*DATA*:

<<<<

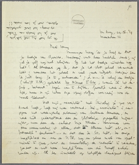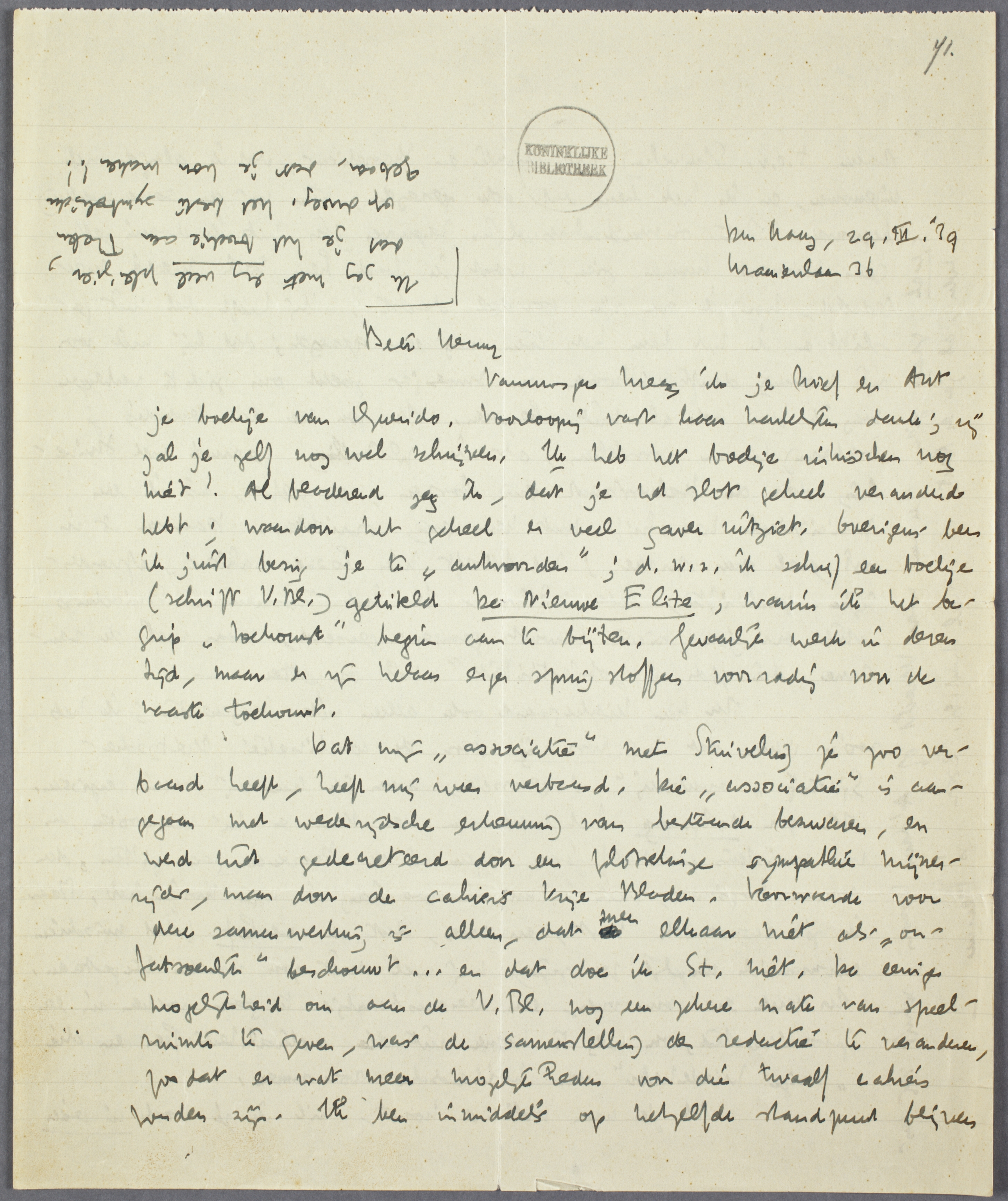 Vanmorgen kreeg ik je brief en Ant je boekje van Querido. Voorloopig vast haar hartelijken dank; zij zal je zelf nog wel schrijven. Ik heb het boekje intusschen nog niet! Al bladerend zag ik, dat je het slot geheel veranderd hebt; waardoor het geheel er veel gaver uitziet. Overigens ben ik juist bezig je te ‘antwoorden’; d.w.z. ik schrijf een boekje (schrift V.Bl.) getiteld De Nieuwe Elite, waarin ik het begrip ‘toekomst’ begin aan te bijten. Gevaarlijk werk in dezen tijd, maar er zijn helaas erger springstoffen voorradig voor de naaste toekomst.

>>>>
<<<<

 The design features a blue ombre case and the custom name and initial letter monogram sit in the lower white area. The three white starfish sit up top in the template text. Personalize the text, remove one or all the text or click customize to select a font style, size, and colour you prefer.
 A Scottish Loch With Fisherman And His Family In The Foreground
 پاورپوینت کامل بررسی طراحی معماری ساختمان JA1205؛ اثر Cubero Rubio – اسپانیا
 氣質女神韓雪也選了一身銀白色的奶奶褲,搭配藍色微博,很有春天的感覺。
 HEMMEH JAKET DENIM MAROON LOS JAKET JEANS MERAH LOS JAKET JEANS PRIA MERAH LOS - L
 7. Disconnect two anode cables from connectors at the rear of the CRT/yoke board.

>>>>

*TASK TO CARRY OUT*: Above are the records; from them, give again exactly the lines from the one containing "氣質女神韓雪也選了一身銀白色的奶奶褲,搭配藍色微博,很有春天的感覺。" through the one containing "7. Disconnect two", both included.

*YOUR SOLUTION*:
 氣質女神韓雪也選了一身銀白色的奶奶褲,搭配藍色微博,很有春天的感覺。
 HEMMEH JAKET DENIM MAROON LOS JAKET JEANS MERAH LOS JAKET JEANS PRIA MERAH LOS - L
 7. Disconnect two anode cables from connectors at the rear of the CRT/yoke board.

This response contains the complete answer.